The complexity of vadose zone, groundwater and surface water interactions presents hydrological research challenges specifically in the area of quantifying groundwater recharge. To acknowledge unity of the surface and groundwater systems requires an interdisciplinary approach that organizes knowledge about an analysis domain based on hydrologic units rather than on aquifers, enabling an integrative, system viewpoint of the terrestrial hydrologic system. By establishing the relationship between landscape components and water balance characteristics, hydrologic response units are established. This dissertation hypothesizes that regionalization can identify hierarchical hydrogeological units (HHUs) composed of unique combinations of surface water, groundwater and vadose zone landscape characteristics with statistically different recharge rates (p<0.05), and that these units can be used to estimate the renewable water flux of the groundwater system. Three interdependent studies were pursued to address the hypothesis:
(i)a statewide regionalization of mean annual streamflow that defined independent hydrologic regimes within Minnesota;
(ii) a regionalization focusing on East Central Minnesota which established unique HHUs based on unique combinations of landscape characteristics with statistically significant differences in mean minimum recharge;
(iii) a water management application which used the regionalization methodology to quantify the renewable groundwater flux and assess a water resources sustainability indicator within the Twin Cities Metropolitan Area.

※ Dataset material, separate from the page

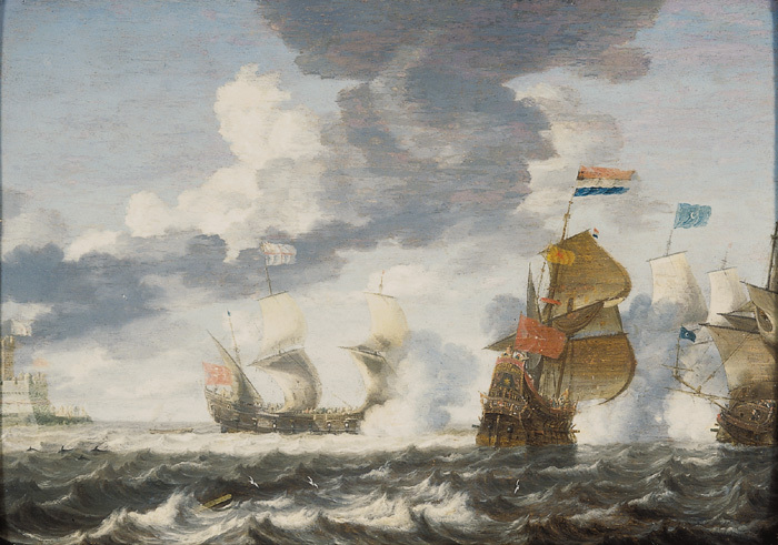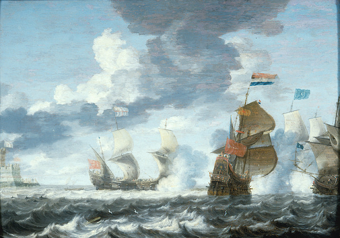 - Sjöstrid mellan holländare, engelsmän och barbaresk-sjöröfvare. Upprördt grått haf, i förgrunden med ett mörkare bälte. I förgrunden något åt höger ett stort brunt tremastadt holländskt skepp med fören snedt bortåt höger, förmasten med fock- och märsseglen hissade, stormasten med hissadt märssegel och till hälften beslaget storsegel, kryssmasten med hissadt latinsegel, alla segel i gråbrunt samt med lagningar i brunt och grått; å kryssmasten en gulbrun flagga med ett rödt lejon åt höger (grefvarnas af Holland vapen), å stormasten och förmasten holländska flaggan; akterspegeln rikt utsirad med förgyllda sniderier, längst upp en brygga med snidad balustrad, hvarå en brun oval sköld, därunder en åttauddig stjärna i guld mot blågrön botten, under denna två öfver hvarandra liggande bryggor med balustrader, i midten å den nedre en oval sköld med en silfverbjälke i rödt fält (Österrikes husvapen?); nedtill på ömse sidor om rodret en utskjutande kanonmynning, längs styrbordssidan ett batteri af sex kanoner med utskjutande mynningar i rödt och grönt; från den närmast fören affyras ett skott; å babords sida två dylika kanonmynningar syn Längst till höger ett stort gråbrunt fartyg, halft åt vänster, endast förskeppet med galjon synligt; blindan och bofvenblindan beslagna; å förmasten märsseglet till hälften nedfiradt, fockseglet hissadt; en del af stormastens märs- och storsegel synlig; å bofven-blindemasten mörkgrön gäckengös med hvit halfmåne; å förmasttoppen en flik af en mörkgrön flagga; å fören och å galjonsväggen sniderier; i fören otydlig röd galjonsbild, å babordssidan en kanonglugg med en grön kanonmynning, å styrbords sida två långt utskjutande kanonmynningar; i galjonsväggen till vänster en glugg, till höger i en öppning en man i hvit turban och mörka kläder; å däcket otydligt framskymtande besättning, en man siktande med ett gevär mot det förut; beskrifna fartyget, i hvit turban och gråa kläder. Mellan de båda fartygen ett annat, med endast märsseglet synligt å förmast och stormast, för öfrigt bortskymdt af kanonröken; å stormasten grön flagga med hvit halfmåne samt å förmasten en röd. Till vänster om det först beskrifna skeppet, något längre bort, ett annat, fören åt höger, för- och stormaster med hissade segel samt å kryssmasten till hälften hissadt latinsegel, å stormasten en stor engelsk flagga (rödt St. Georgs-kors i hvitt falt), å förmasten en röd flagga samt å kryssmasten en grön; i aktern en röd flagga, hvarå en ur ett grått moln åt vänster framsträckt arm i gult, hållande en sabel; bakom flaggspelet en gul lanterna på stång; å styrbords sida sju utskjutande kanonmynningar; fören skymd af tät grå kanonrök; å däcket manskap med kläder i gråbrunt, brunt, rödt och grönt. Ett stycke akter om fartyget en tom gråbrun roddbåt. Midt för denna längre mot horisonten två gråbruna segelfartyg. Till vänster en fästning å grågrön grund och med upptill förkroppad och krenelerad ljust grågrön sköldmur; vid högra sidan en stång med fana i otydliga färger i rödt och guld; till vänster å fästningen ett kreneleradt högt grårödt fyrsidigt torn, å detta en engelsk flagga (rödt St. Georgs-kors i hvitt fält); å tornets krön två samt inom sköldmuren flere otydliga figurer. Bortom fästningen å stranden flere dylika. I förgrunden tätt öfver vattnet tre flygande hvita fåglar, i vattnet en gråbrun planka och längst till vänster fyra tumlare. Himlen ljusblå med ljusgråa moln, framfor dessa svartgråa rökmoln. Vind och ljus från vänster. Till vänster, å den ur sjön uppskjutande plankstumpen, signerad: På trä (ek). Höjd: 0.415 m.; bredd: 0.595 m. BONAVENTURA Peeters d. ä., döpt 23 Juli 1614 i Antwerpen, d. 25 Juli 1652 i Hoboken, en by i närheten af denna stad; synes hafva gjort stora sjöresor och var sedan 1634 mästare i Antwerpen; marin- och landskapsmålare samt etsare. Enligt Alfred von Wurzbach: »Niederländisches Künstler-Lexikon», Zweiter Band, Wien und Leipzig 1910. Se Olof Granberg: »Inventaire général des trésors d’art, peintures & sculptures, principalement de maîtres étrangers (non Scandinaves) en Suède, K Tome I, Stockholm 1911, nå 337 (sid. 76), och Tome II, nå 358 (sid. 98; plansch 85). Ram (gammal): Svartbetsad och polerad samt med ornerad dagerlist i gips; på blindram af furu. Profil som figuren (orig. 8/i): Glas. Höjd: 0.595 m.; bredd: 0.77 m. Midt å baksidan ett sigill i rödt lack: ^ v^nster om ^etta ett stansadt monogram: >Ö[T samt i midten upptill en fastklistrad hvit papperslapp, hvarå skrifvet med svart bläck (orig. YJ: \t2é.\ Inköpt af Wilhelmina von Hallwyl, f. Kempe, 7 Oktober 1904 i H. Bukowskis Konsthandel (innehafvare C. U. Palm), Arsenalsgatan 2 D, Stockholm, se räkning samma dag. Betald 8 Oktober 1904, se Rescontra (Wilhelmina VON Hallwyl) och Toilettbok. Pris: Kr. 400, se räkning. Inköpt tillsammans med B.80—B.86 och B.88—B.91 till sammanlagdt pris af Kr. 22 000, se räkning. Likviden erlagd med Kr. 12500, se Toilettbok, samt med Kr. 9500, gåfva till Wilhelmina von Hallwyl, f. Kempe (häraf Kr. 3000 se Rescontra [Walther von Hallwyl] och Kr. 6500 från Johanna Kempe, f. Wallis). Af direktören C. U. Pålm inköpt å auktion hos Frederik Muller & C:ie i Amsterdam 21 September 1904 å Dr. H. VAN der Burghs i Haag samling för Fl. 300.

Results from the three studies indicate that landscape characteristics control the rate of renewable water flux within the groundwater system. The results identified at one analysis scale could be used to extrapolate data at refined scales where long-term hydrologic monitoring data is lacking but informed water management decisions are crucial for the sustainable future of freshwater resources. Within the state of Minnesota, five hydrologic regimes were identified, each with varying inter- and intra-annual flow characteristics. Kendall-tau results suggest that mean annual streamflow within the regimes is either increasing or remaining stable. Focusing on a smaller, regional analysis territory within East-Central Minnesota, regionalization using the Watershed Characteristics Approach (WCA) identified HHUs composed of unique combinations of hydrogeologic characteristics, bedrock material, Quaternary thickness, topography and available water capacity. These HHUs and their corresponding minimum monthly recharge rates represent the renewable groundwater flux. HHUs previously identified within the Twin Cities Metropolitan Area (TCMA) were used together with water use estimates to calculate the sustainability indicator for each community within the TCMA. Although the WCA has few assumptions, limitations of the methodology include that the hierarchical refinement is based on the availability of streamflow data, and the accuracy of the estimated recharge rates associated with each HHU is pre-determined by the resolution of spatial landscape attribute data. Future research should further evaluate the defined HHUs to confirm that they are consistent for all five of the hydrologic regimes identified within Minnesota.